Material for this exercise Block Start
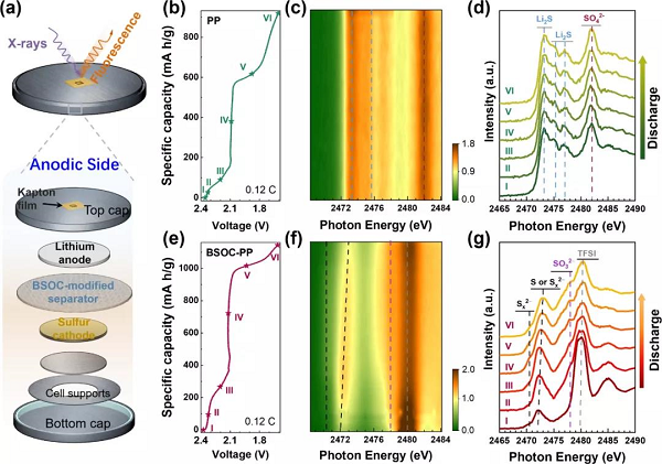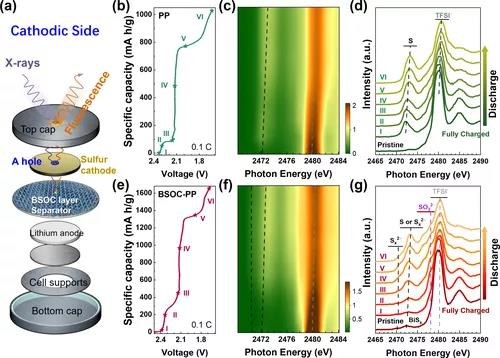 图4. 在有/没有BSOC层的Li/S电池阳极侧的原位/操作S k边缘XAS观察。a)原位/操作XAS研究中,用于AEI观测的硬币电池设计示意图。b)原始Li/S电池在0.12 C下使用纯PP进行操作XAS测量时的初始放电电压。c)原位/操作S K-edge XAS图,d)带有PP的Li/S电池在第一次放电过程中,在不同电势下的XAS光谱。e)在执行操作XAS测量时,BSOC修饰的Li/S电池在0.12 C的初始放电电压。f)原位/操作S K-edge XAS图,g)带有BSOC-PP的Li/S电池在第一次放电过程中,在不同电势下的XAS光谱。
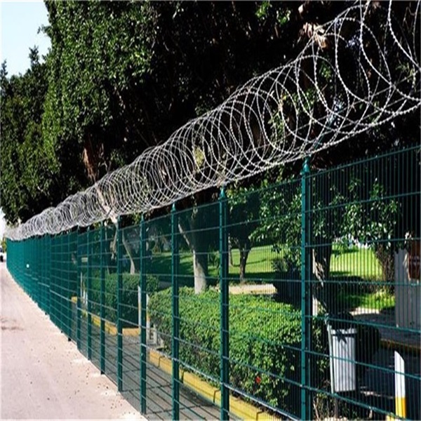 鋼筋網(wǎng)圍界、飛行區(qū)鋼筋網(wǎng)圍界網(wǎng)面是由直徑5mm的鋼筋排列成矩形網(wǎng)格點(diǎn)焊形成,相鄰橫筋間距不大于10cm,相鄰豎筋間距不大于5cm.每片鋼筋網(wǎng)片寬度不大于3m,用螺栓固定在事先埋設(shè)好的立柱上,為增加圍界的穩(wěn)定性,一般每30m左右增加一 個(gè)斜撐圍界上部50- -60cm以30.-45.角向外傾斜,或設(shè)置滾筒形刺鐵絲網(wǎng)防止攀越。
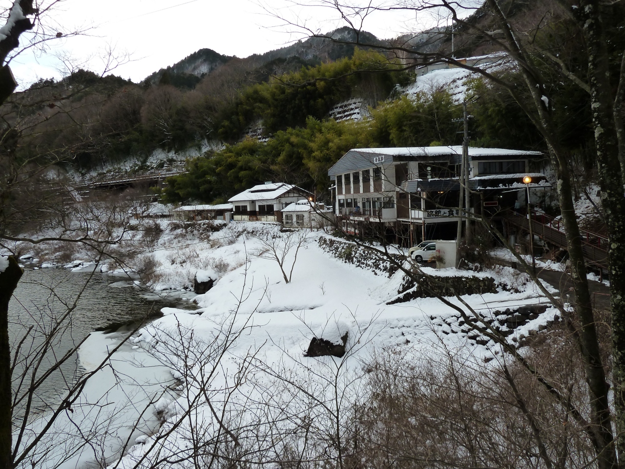 国道からかけはしを渡ってすぐの所にあり、国道側からも見えています。お風呂は冷泉と温泉の2つの湯船があり、木曽川を眺めながら浸かれます。
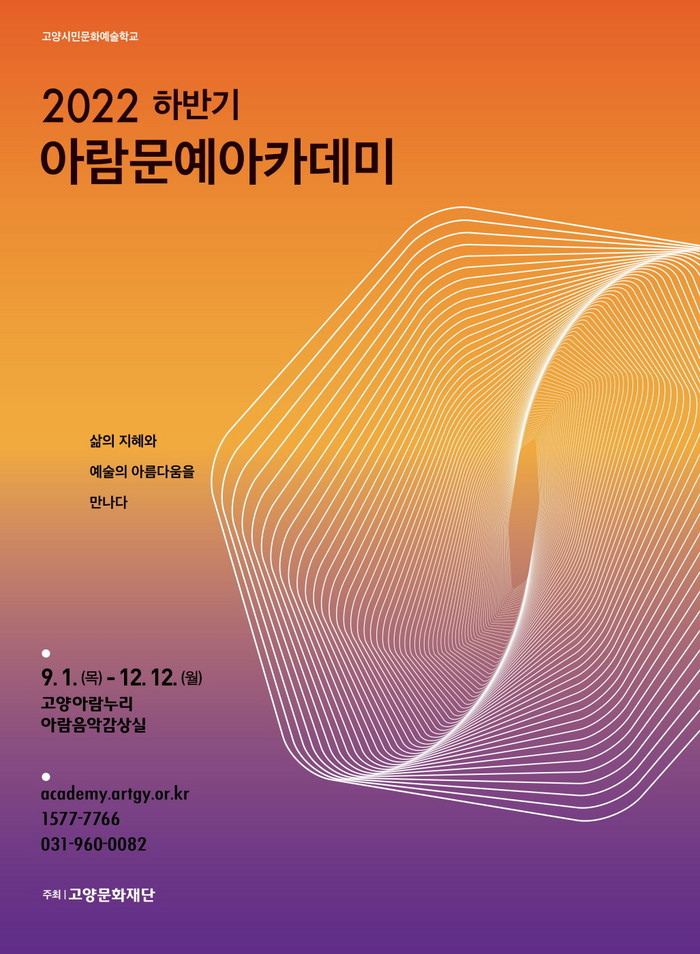 [부자동네타임즈 김인수기자] 고양문화재단(대표이사 정재왈)은 고양아람누리 문화예술교육 프로그램 <2022 하반기 아람문예아카데미>를 9월 1일 목요일부터 12월 12일 월요일까지 12주간 진행한다. 총 11개의 프로그램을 마련한 이번 하반기에는 사진, 건축, 연극 등 신규 장르도 신설하여 수강생들에게 더욱 풍성하게 다가갈 예정이다.
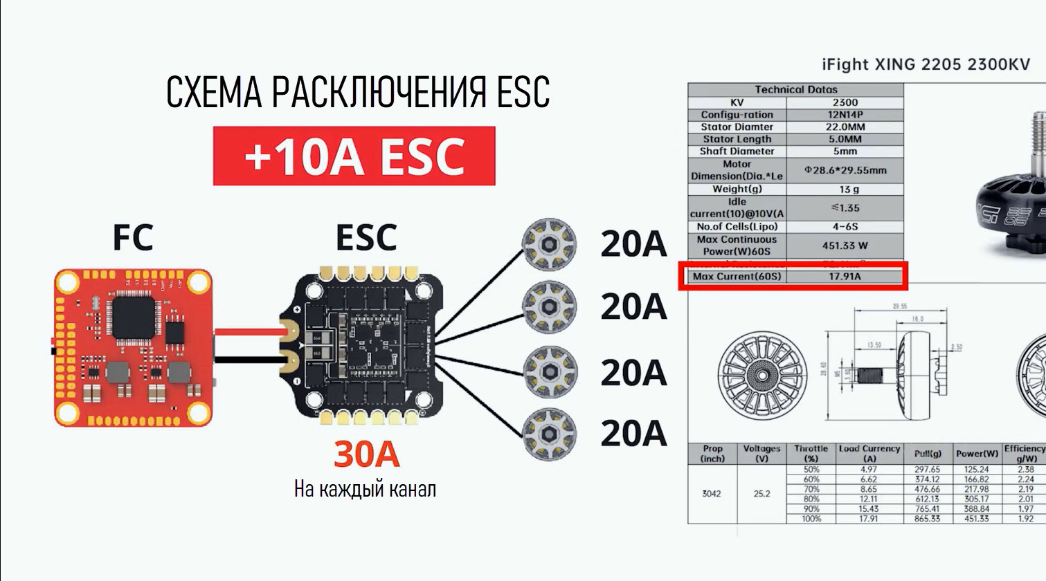 Для безопасности рекомендуется брать ESC с номинальным током минимум на 10 А выше, чем максимальный ток двигателя по паспорту. Например, двигатель с потреблением 20 А требует ESC на 30 А.
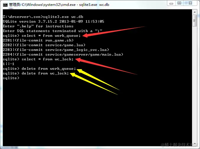 然后就可以执行 sql 语句查表了,主要查 work_queue 和 wc_lock 两张表。发现表非空,执行 delete 语句将对应的表项删除,就能正常进行 svn clean up 了,如图三所示。
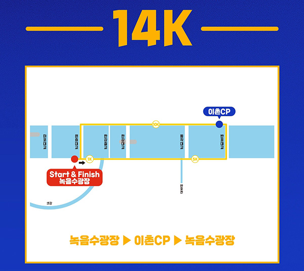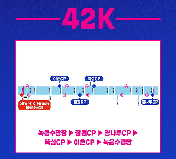 ✅ 전체 코스는 대부분 평지로 이루어져 있으며, 일부 구간에 경사로가 있으나 걷기에 큰 어려움은 없습니다. 단, 42K 풀코스는 실제 마라톤 거리와 유사하기 때문에 체력 분배에 신중해야 합니다.
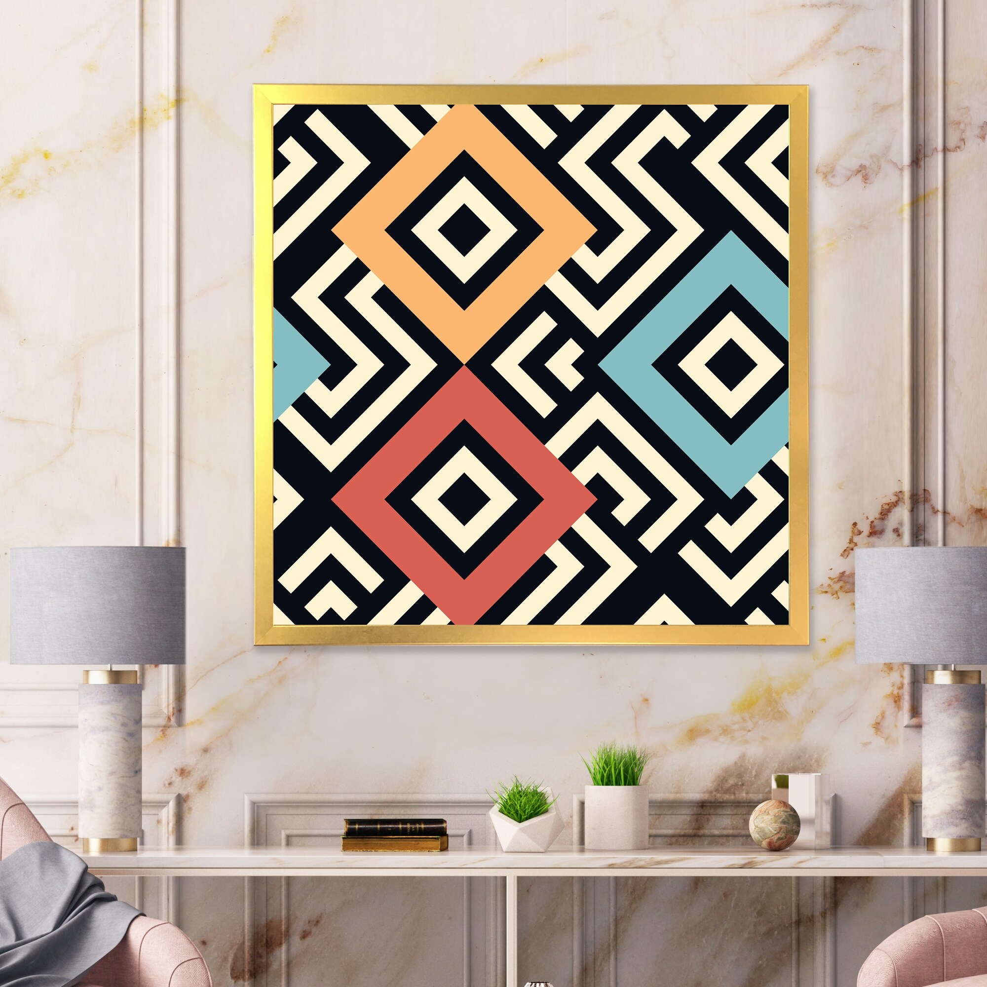 Designart "Geometric Meandering Squares, Blue Red, Orange I" Patterned Framed Art Print
Material for this exercise Block End
## [Goal of the exercise]
Every line above should be retyped exactly; the pictures do not belong in the copy.

## [Exercise answer]
 图4. 在有/没有BSOC层的Li/S电池阳极侧的原位/操作S k边缘XAS观察。a)原位/操作XAS研究中,用于AEI观测的硬币电池设计示意图。b)原始Li/S电池在0.12 C下使用纯PP进行操作XAS测量时的初始放电电压。c)原位/操作S K-edge XAS图,d)带有PP的Li/S电池在第一次放电过程中,在不同电势下的XAS光谱。e)在执行操作XAS测量时,BSOC修饰的Li/S电池在0.12 C的初始放电电压。f)原位/操作S K-edge XAS图,g)带有BSOC-PP的Li/S电池在第一次放电过程中,在不同电势下的XAS光谱。
 鋼筋網(wǎng)圍界、飛行區(qū)鋼筋網(wǎng)圍界網(wǎng)面是由直徑5mm的鋼筋排列成矩形網(wǎng)格點(diǎn)焊形成,相鄰橫筋間距不大于10cm,相鄰豎筋間距不大于5cm.每片鋼筋網(wǎng)片寬度不大于3m,用螺栓固定在事先埋設(shè)好的立柱上,為增加圍界的穩(wěn)定性,一般每30m左右增加一 個(gè)斜撐圍界上部50- -60cm以30.-45.角向外傾斜,或設(shè)置滾筒形刺鐵絲網(wǎng)防止攀越。
 国道からかけはしを渡ってすぐの所にあり、国道側からも見えています。お風呂は冷泉と温泉の2つの湯船があり、木曽川を眺めながら浸かれます。
 [부자동네타임즈 김인수기자] 고양문화재단(대표이사 정재왈)은 고양아람누리 문화예술교육 프로그램 <2022 하반기 아람문예아카데미>를 9월 1일 목요일부터 12월 12일 월요일까지 12주간 진행한다. 총 11개의 프로그램을 마련한 이번 하반기에는 사진, 건축, 연극 등 신규 장르도 신설하여 수강생들에게 더욱 풍성하게 다가갈 예정이다.
 Для безопасности рекомендуется брать ESC с номинальным током минимум на 10 А выше, чем максимальный ток двигателя по паспорту. Например, двигатель с потреблением 20 А требует ESC на 30 А.
 然后就可以执行 sql 语句查表了,主要查 work_queue 和 wc_lock 两张表。发现表非空,执行 delete 语句将对应的表项删除,就能正常进行 svn clean up 了,如图三所示。
 ✅ 전체 코스는 대부분 평지로 이루어져 있으며, 일부 구간에 경사로가 있으나 걷기에 큰 어려움은 없습니다. 단, 42K 풀코스는 실제 마라톤 거리와 유사하기 때문에 체력 분배에 신중해야 합니다.
 Designart "Geometric Meandering Squares, Blue Red, Orange I" Patterned Framed Art Print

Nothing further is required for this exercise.